By Amaris Elliott-Engel / The Citizen

Saturday, April 8, 2006 10:50 PM EDT

GENOA - While waiting to put their candy containers to use, boys improvised hats out of their Easter baskets or blue buckets ringed with rabbits hopping around them.
On a day that started below the freezing point, it turned sunny and cheery for the crowd of more than 50 parents and their children who came to the United Church of Genoa's Saturday afternoon Easter egg hunt.

Children hunted for pastel plastic eggs spread over the green lawn like the first fat raindrops splattering on pavement.

The littlest ones were guided by their parents. The older ones darted out the door and grasped their eggs within a minute. But they were fair in obeying the rule that they should take no more than 15 eggs, discarding extra eggs back to the ground.

Morgan Wilcox, 3, of Lansing, moved slower across the lawn in her hunt for the prizes left behind by the “Easter Bunny” because she wanted only pink eggs. Inside her eggs, she got stickers, four pencil sharpeners, a chick squeeze toy and Hershey Kisses.

“I told you I would get a kiss,” she told her mother, Beth.

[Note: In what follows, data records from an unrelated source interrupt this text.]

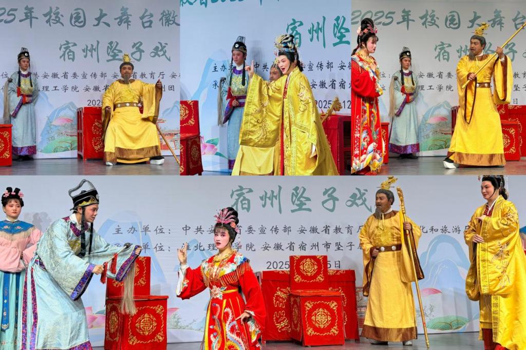 演出现场,宿州市坠子剧团倾情献演了国家非物质文化遗产保护项目——宿州坠子戏。剧团呈现了两台经典坠子戏剧目:《赶考》与《公主求情》。《赶考》一剧讲述了少年包拯的成长传奇:幼年失恃,又遭二嫂陷害而被弃,幸赖长嫂抚育成人,十二岁进京赴考取得功名,返乡后巧断家事,宽厚不计前嫌。《公主求情》则以唐代大安宫为故事背景,讲述长乐公主因皇后削减其出嫁妆奁而心生不满,遂向太上皇请求斡旋的故事。该剧旨在倡导革除奢靡旧习、杜绝铺张浪费。艺术家们卓越的唱功、非凡的表演诠释了中国传统戏曲艺术的无穷魅力,给师生带来了一场视觉盛宴;整场演出精彩纷呈,艺术家们精湛娴熟的技艺感染了全场师生,现场掌声经久不息。
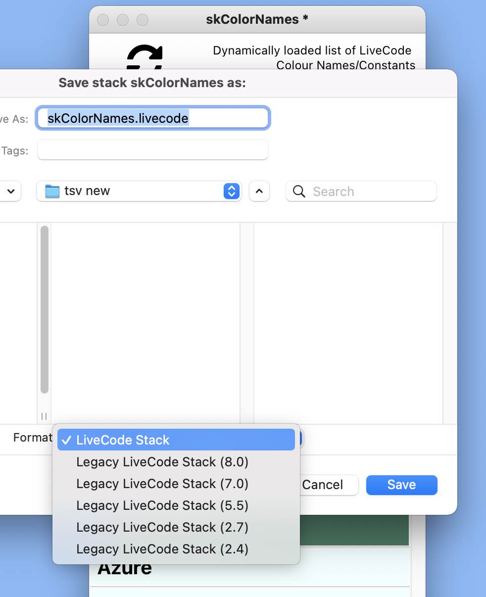 Save as defaulting to Legacy Livecode Stack (7_0)
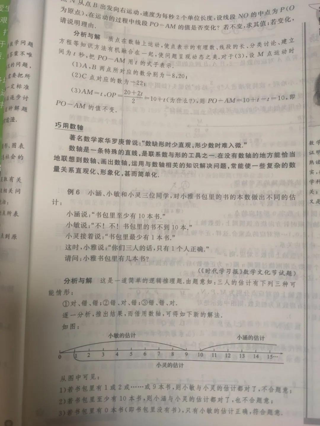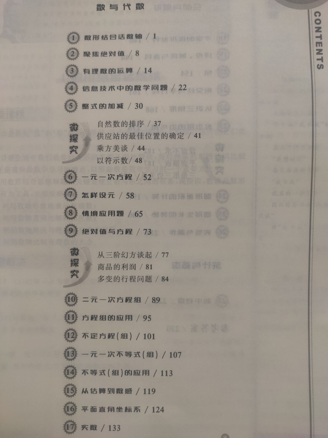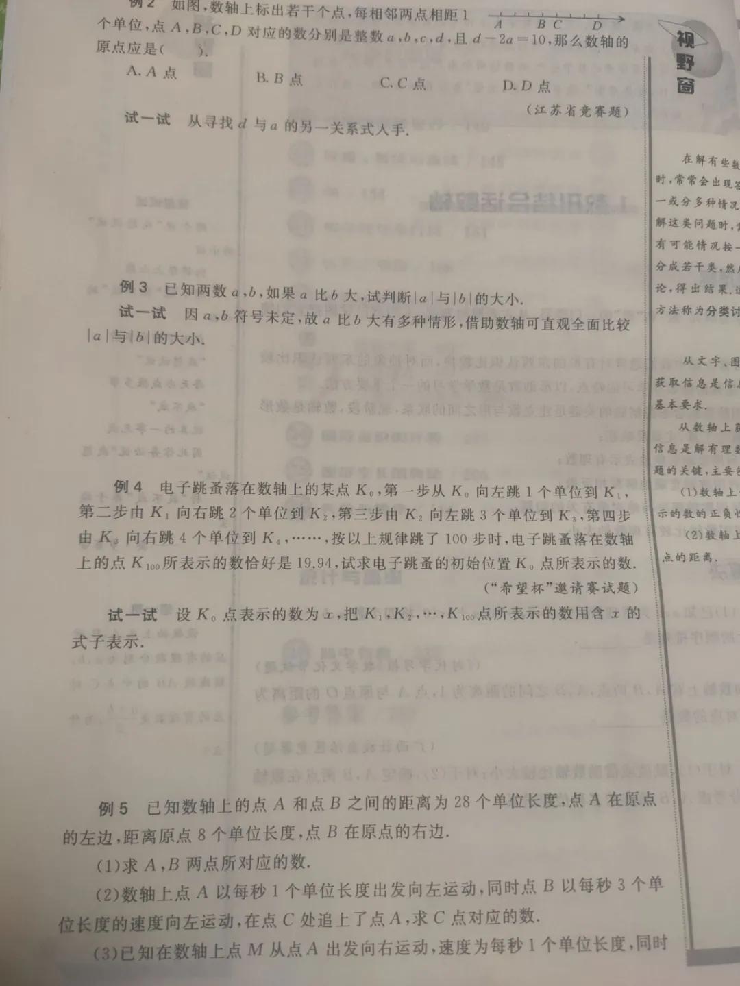 内容大致是和人教版的七年级数学教材一致,但又突出了重难点,像一开始的数轴和绝对值,在课内教材上都有涉及,但难度不够,在考试中反倒会出一些比较难的题目,这种编排就比较符合实际一些。
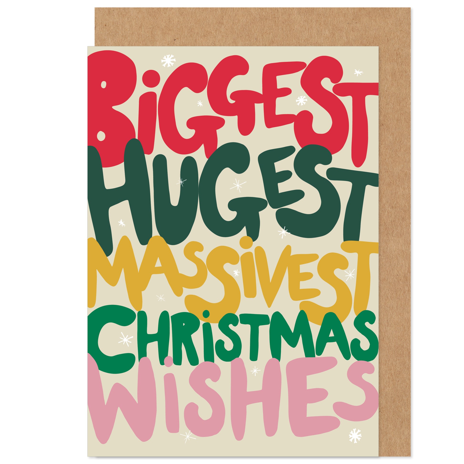 Biggest Hugest Christmas Wishes Bright Typography Card
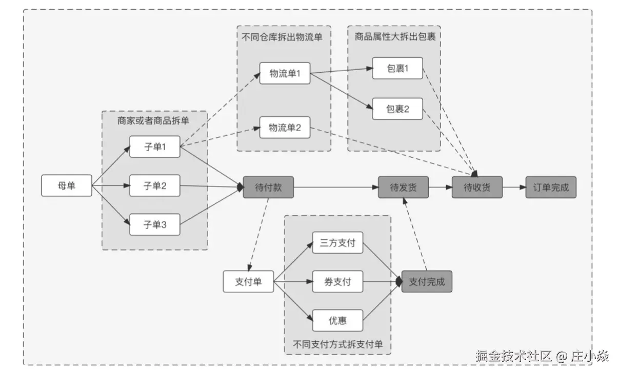 所以拆单主要是两类,一类是下单时因为商家或者仓储问题拆成父订单和子订单,另一个是在发货时因为品类或者物流因素一个子订单拆成多个发货单,如图4-15所示:

Before the fast scramble for the eggs, the families watched a Christian video, “The Bed Bug Easter Party.” Annette Bell, the wife of the church's pastor, Larry, asked all the attendees to scooch their folding chairs up close to a table between two long trestle tables stretched out like wings from a head table. All three tables were set with wine glasses, candles and faux yellow, red and pink roses for a wedding later that afternoon.

In a cartoon version of two Biblical stories that are celebrated on the next two Sundays, a sibling pair of bed bugs watched Jesus' entry into Jerusalem in the days before his execution and later accompanied the mourning Mary to Jesus' grave where they learned he had risen from death. Children were also given an activity book echoing the themes of the video.

Last year, Annette wrote an Easter-themed puppet show that was performed at the 2005 Easter egg hunt.

Both the puppet show and this year's video were presented to keep in mind the purpose of the holiday beyond an abundance of sweets, “to help them to think about the meaning of Easter,” Larry said.